Она решила воспользоваться этим случаем, чтобы дать ответ, которого Клинтон так терпеливо ждал. Робин хорошо понимала, как больно будет молодому человеку услышать, что свадьба не состоится, и чувствовала себя виноватой.
Пригласив капитана к себе в каюту, доктор велела ему раздеться до пояса и усадила на узкую койку с поднятой рукой. Рана заживала очень хорошо. Робин радовалась и гордилась своей отменной работой. Ласково приговаривая, она разрезала каждый узелок остроконечными ножницами, пинцетом осторожно вытаскивала из раны кусочки конского волоса. На месте швов по обе стороны вздутого багрового рубца оставались двойные проколы, чистые и сухие. Только из одного вытекла капелька крови, которую Робин бережно промокнула.
Робин научила малютку нгуни ассистировать ей при операциях, правильно подносить инструменты и принимать ненужные или испачканные перевязочные материалы и скальпели. Покончив со швами, она одобрительно осмотрела заживающую рану и, не оборачиваясь, сказала Джубе:
– Можешь идти. Если понадобишься, я позову.

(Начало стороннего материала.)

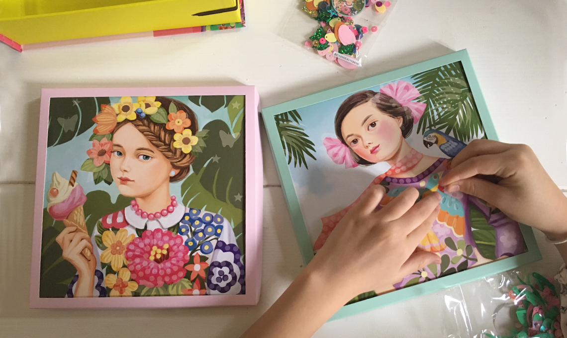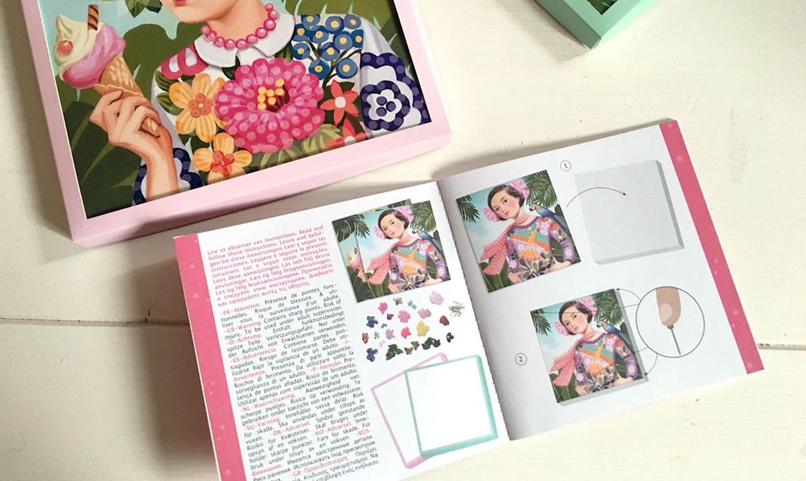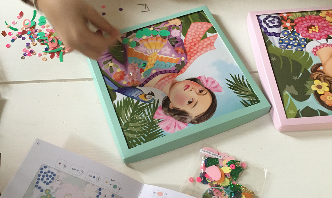 Un gioco adatto dagli otto anni, un'attività creativa e giocosa che richiede pazienza e precisione. La scatola comprende: 2 stampe illustrati, 2 strati di gomma piuma, 2 cornici di carta, paillette, spille e 1 libretto esplicativo.

Девушка лукаво улыбнулась и шепнула:
– Он такой красивый, белый и гладкий.
Робин вспыхнула, потому что думала в точности то же самое. У Клинтона в отличие от Мунго Сент-Джона тело было безволосым, как у девушки, но с крепкими мускулами, а кожа светилась мраморным блеском.
– Когда он смотрит на тебя, Номуса, его глаза как две луны, – с упоением продолжала Джуба.

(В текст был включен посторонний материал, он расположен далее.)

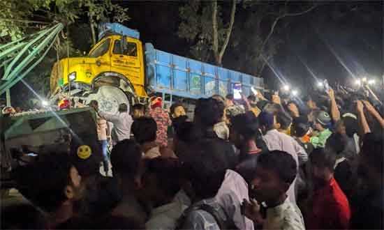 পুলিশ ও স্থানীয় সূত্রে জানা গেছে, একটি মালবোঝাই ট্রাক গতকাল সন্ধ্যায় লাকসাম থেকে চৌদ্দগ্রাম অভিমুখে যাচ্ছিল। দ্রুতগতির ট্রাকটি লাকসাম-চৌদ্দগ্রাম আঞ্চলিক সড়কের ফেলনা এলাকায় আসার পর বিপরীত দিক থেকে আসা একটি যাত্রীবাহী সিএনজি ও একটি অটোরিকশাকে চাপা দেয়। এতে সিএনজিটি দুমড়ে মুছড়ে ট্রাকের নিচে চলে যায়। এতে ঘটনাস্থলে দুই জন পুরুষ ও এক জন নারীসহ ৩ জন নিহত হয়। নিহতরা সবাই সিএনজির যাত্রী, তাদের পরিচয় জানা যায়নি। এ দুর্ঘটনায় আরও ৫ জন আহত হয়। আহতরা হলেন, জেলার নাঙ্গলকোট উপজেলার মহিশ্বর গ্রামের আবুল বাশারের ছেলে আবু তৈয়ব (২৬), একই উপজেলার বাঙ্গড্ডা গ্রামের জাহাঙ্গীর হোসেনের ছেলে আব্দুর রহিম (২৭), আলী হোসেনের ছেলে অটো চালক মাহবুবুল হক ও আবুল কালামের স্ত্রী আনোয়ারা বেগম (৪২)। এদিকে দুর্ঘটনার খবর পেয়ে চৌদ্দগ্রাম থেকে ফায়ার সার্ভিসের কর্মীরা ঘটনাস্থলে পৌছে এবং স্থানীয়দের সহায়তায় উদ্ধার কাজ শুরু করে। আহতদের উদ্ধার করে চৌদ্দগ্রাম উপজেলা স্বাস্থ্য কমপ্লেক্সে নিয়ে যাওয়া হয়। এদের মধ্যে আব্দুর রহিম, আনোয়ারা বেগম, আবু তৈয়বের অবস্থা আশঙ্কাজনক বলে জানা গেছে। চৌদ্দগ্রাম থানার ওসি মো. হিলাল উদ্দিন আহমেদ বলেন, দুর্ঘটনার খবর পেয়ে ঘটনাস্থলে পুলিশ ও ফায়ার সার্ভিস যায়। এ দুর্ঘটনায় ৩ জন মারা গেছেন। মৃতদের পরিচয় জানার চেষ্টা চলছে। এ দুর্ঘটনায় মৃতের সংখ্যা আরও বাড়তে পারে বলে ওসি জানিয়েছেন।

Робин попыталась нахмуриться, но губы сами собой расплылись в улыбке.
– Уходи скорее.
Джуба хихикнула.
– Настало время побыть наедине. – Она сладострастно закатила глаза. – Я постерегу у двери и не буду слушать, Номуса.
Робин была не в силах сердиться, когда девушка называла ее этим прозвищем. Оно означало «дочь милосердия» – вполне подходяще для врача, лучше и не придумаешь. Робин улыбнулась и легким шлепком подтолкнула Джубу к двери.
Клинтон, должно быть, догадался, что они обсуждают, потому что, когда доктор повернулась, он смущенно застегивал рубашку.
Робин набрала в грудь воздуха, словно собиралась нырнуть, сложила руки на груди и сказала:
– Капитан Кодрингтон, я непрестанно думала о высокой чести, которую вы мне оказали, предложив стать вашей женой…
– Однако, – подсказал Клинтон, и она в смущении умолкла.
Тщательно заготовленная речь полностью вылетела из головы. Именно это слово Робин собиралась произнести следующим – «однако».
– Мисс Баллантайн… то есть доктор Баллантайн, я бы предпочел, чтобы вы не говорили всего остального. – Лицо капитана побледнело и напряглось, в этот миг он был по-настоящему красив. – Оставьте мне надежду.
Она покачала головой, но Кодрингтон жестом остановил ее:
– Только теперь я понял, насколько велик ваш долг, долг перед отцом и перед несчастными жителями этой страны. Я сознаю это и глубоко восхищаюсь вами.
Сердце Робин едва не вырвалось из груди: он такой добрый, такой чуткий, так хорошо все понимает… Капитан продолжал:
– Однако я уверен, что вы и я…
– Капитан… – пробормотала она, снова качая головой.
– Нет, – твердо произнес Клинтон. – Вы не заставите меня расстаться с надеждой. Я человек терпеливый и понимаю, что время еще не пришло. Но в глубине души я знаю, что мы связаны судьбой, пусть даже придется ждать десять лет, да хоть пятьдесят.
Такие сроки не пугали Робин. Она заметно успокоилась.